▶ _AVAILABLE RECORDS_
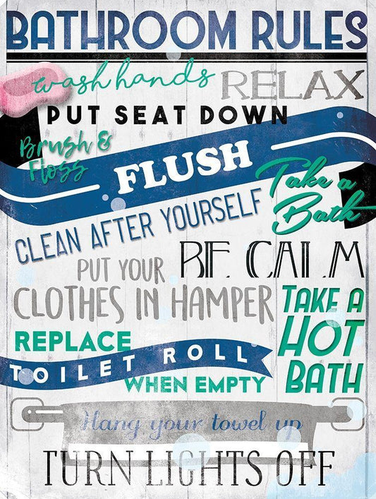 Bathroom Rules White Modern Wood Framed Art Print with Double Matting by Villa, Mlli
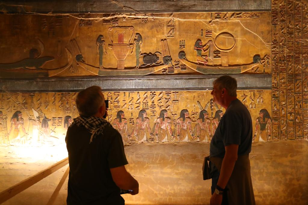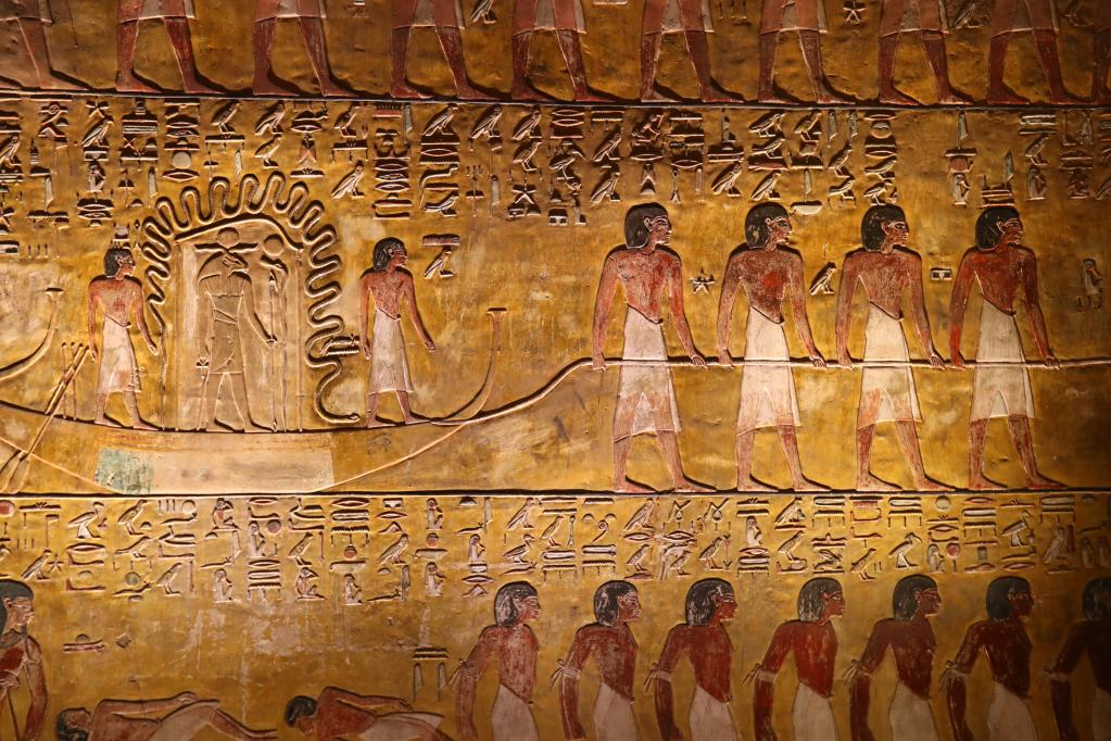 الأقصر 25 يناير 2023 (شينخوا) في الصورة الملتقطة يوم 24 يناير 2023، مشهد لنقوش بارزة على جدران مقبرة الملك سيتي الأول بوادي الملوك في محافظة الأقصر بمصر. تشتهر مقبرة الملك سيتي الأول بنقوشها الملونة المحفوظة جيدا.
==
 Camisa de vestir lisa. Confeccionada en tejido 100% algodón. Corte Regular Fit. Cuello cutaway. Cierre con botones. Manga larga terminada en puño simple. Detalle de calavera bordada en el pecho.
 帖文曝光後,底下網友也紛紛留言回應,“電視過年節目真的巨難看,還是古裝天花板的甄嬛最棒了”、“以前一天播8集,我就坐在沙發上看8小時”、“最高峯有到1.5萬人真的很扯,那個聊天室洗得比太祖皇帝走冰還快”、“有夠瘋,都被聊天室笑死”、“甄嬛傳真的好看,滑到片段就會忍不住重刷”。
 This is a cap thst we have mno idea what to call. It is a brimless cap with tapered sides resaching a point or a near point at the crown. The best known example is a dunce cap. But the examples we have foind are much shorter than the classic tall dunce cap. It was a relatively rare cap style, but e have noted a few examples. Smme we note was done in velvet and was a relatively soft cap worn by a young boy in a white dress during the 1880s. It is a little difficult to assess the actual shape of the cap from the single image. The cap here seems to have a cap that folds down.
==
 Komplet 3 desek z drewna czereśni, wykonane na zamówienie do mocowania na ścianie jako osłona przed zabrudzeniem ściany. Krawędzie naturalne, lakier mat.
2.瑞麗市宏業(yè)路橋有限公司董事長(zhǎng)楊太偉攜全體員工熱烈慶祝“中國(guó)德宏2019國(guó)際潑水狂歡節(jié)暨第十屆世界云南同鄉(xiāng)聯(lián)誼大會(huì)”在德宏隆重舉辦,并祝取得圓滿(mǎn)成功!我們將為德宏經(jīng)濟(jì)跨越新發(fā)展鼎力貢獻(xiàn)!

▶ _TASK ITEM_
A clean copy is needed of the lines in the listing above from the one with "Bathroom Rules White" through the one with "الأقصر 25 يناير", exact in every word and free of pictures.

▶ _RESPONSE BOX_
 Bathroom Rules White Modern Wood Framed Art Print with Double Matting by Villa, Mlli
 الأقصر 25 يناير 2023 (شينخوا) في الصورة الملتقطة يوم 24 يناير 2023، مشهد لنقوش بارزة على جدران مقبرة الملك سيتي الأول بوادي الملوك في محافظة الأقصر بمصر. تشتهر مقبرة الملك سيتي الأول بنقوشها الملونة المحفوظة جيدا.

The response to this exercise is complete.